Value-Added Products and Services
What Flexport successfully figured out was that if you can be the data system of record for the movement of cargo through the entire supply chain, you can be the provider of choice for a multitude of value-add products and services that include insurance, warehousing, financial services and loans. Once Sote establishes themselves as the clearance agent and freight forwarder of choice in Africa, and thus aggregating and analyzing large volumes of shipping data, they will have the unique opportunity to offer these aforementioned products and services to their growing customer base.
Sote is creating the conditions for Africa to build huge businesses that generate generational wealth for Africans. To give Africans a seat at the global economic table so they can start to dictate rules that are more equitable and fair.

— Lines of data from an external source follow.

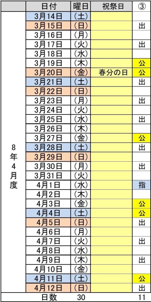 - 令和8年4月度(3/14~4/12) 3パターン
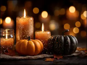 Grafika AI, Dynie, Świece, Bokeh
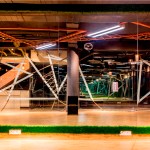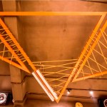 Triangulated and overlapping, these frames distinguish the design and give it a character, unlike most of the other fitness spaces. They are used not only in the interior elevations but also on the ceilings, providing a place to affix the light fixtures. These frames are crisscrossed with ropes, another unusual material.
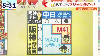 阪神・明日勝利し、巨人が中日に引き分け以上でマジック41点灯
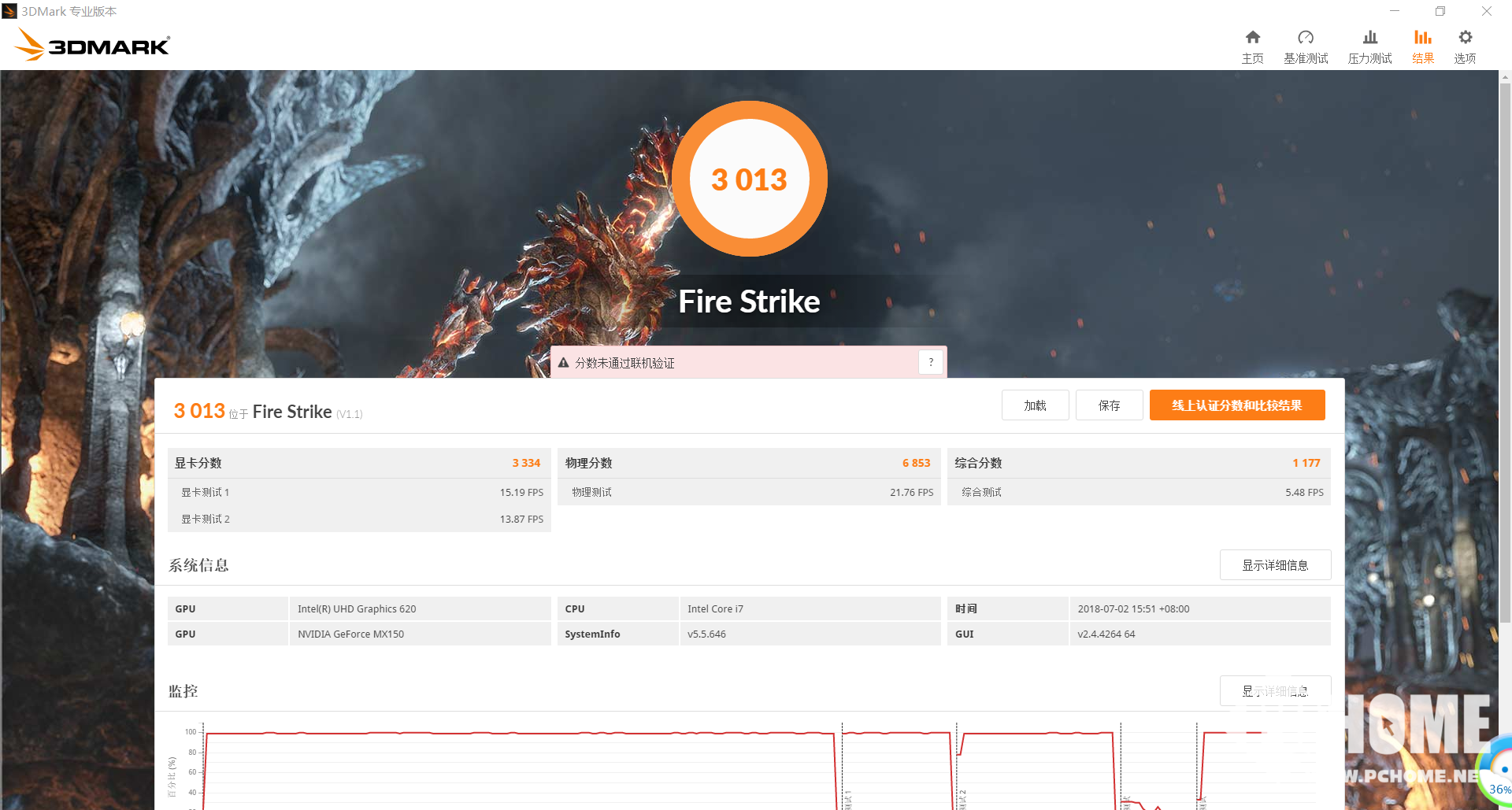 3D MARK测试前,我们提前通过FN+Q组合键将该轻薄本的模式切换至高性能模式,随后进行Fire Strike测试。从测试结果来看,该轻薄本跑出了3013的成绩,也就是说,如果用它来跑一些主流的网游还是相当流畅的,当然,你想用它来玩一场紧张刺激的吃鸡游戏也不是不可以,只是画质需要调低不少。

To exert their influence on the world rather than to be simply subject to the world’s influence on them. And in doing so, they are going to make a huge African logistics market even bigger.
About MaC Venture Capital
MaC Venture Capital is an early stage venture capital firm focused on finding ideas, technology, and products that can become infectious. We invest in technology companies that benefit from shifts in cultural trends and behaviors in an increasingly diverse global marketplace.
MaC Venture Capital is the result of the merger between successful Los Angeles and Bay Area based Seed funds, Cross Culture Ventures and M Ventures.